Implanted behind a desk stacked with disheveled files and reports, Margaret glanced up over the top of her reading glasses and rose to greet us.
“Norman!” She pecked me somewhere behind the left ear. “How are you?”
“Coping.”
“And Janice?”
“Fine. She indulges me shamelessly.”
“Everyone does, my dear.” She patted my hand, turning her attention to Eva.

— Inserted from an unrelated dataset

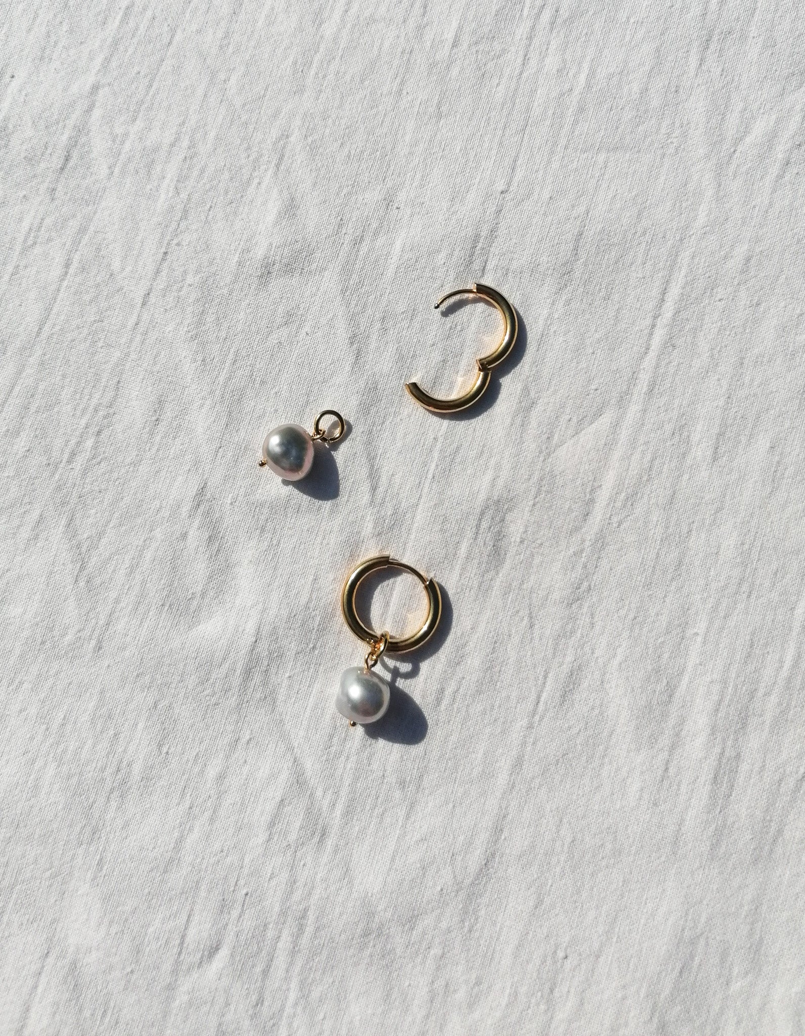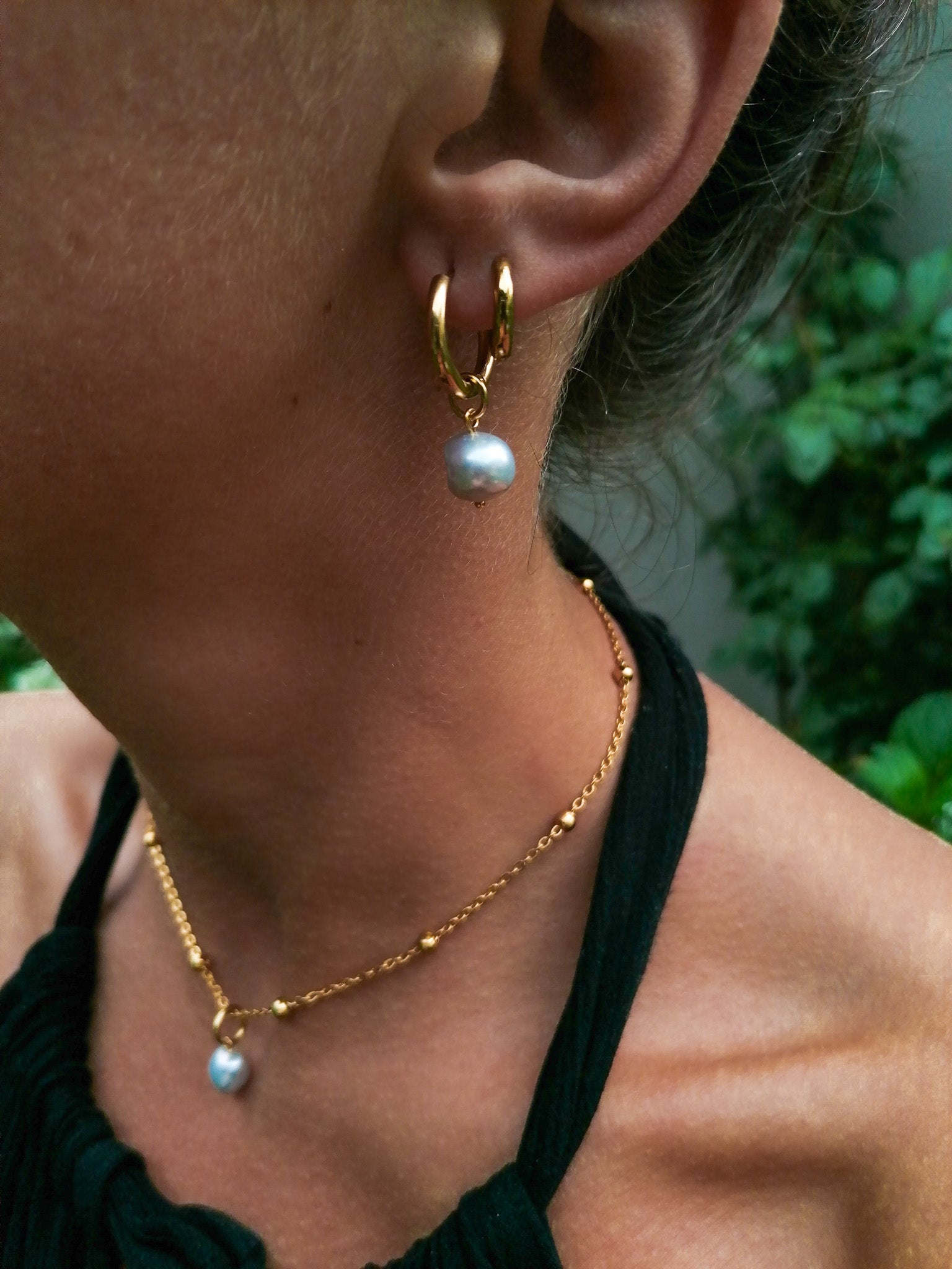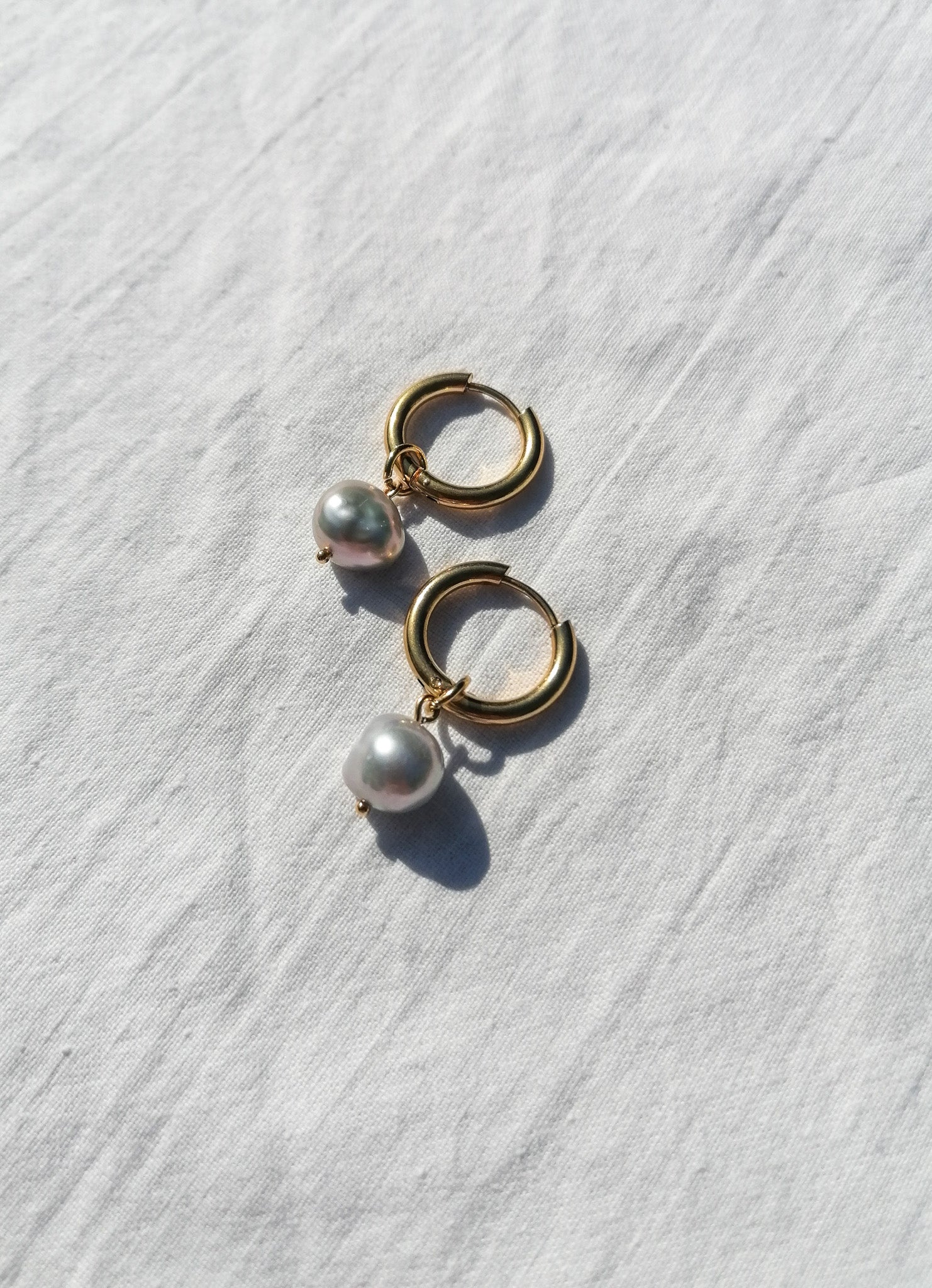 Gray baroque pearl charms on waterproof gold stainless steel hoops

I made introductions and tried to interpret Eva’s reaction to Dr. Sanford. Most people initially see her in a well-meaning, befuddled light. Good-hearted but not terribly bright. But it didn’t take long to taste gristle beneath the Eleanor Roosevelt mush.
She shuffled behind the desk and shut drapes across the floor-to-ceiling windows overlooking the city, then picked forlornly at the clutter on the desk top. “You must forgive all this,” she muttered. “People ask me for a psychological definition of Homo sapiens, and I sometimes think ‘a paper-wasting animal’ would be as good as any.” She settled into the chair and folded both hands in front of her. “Now, Eva, what has Norman said about me? Or perhaps, knowing his talent for gossip, I should ask what he left out?”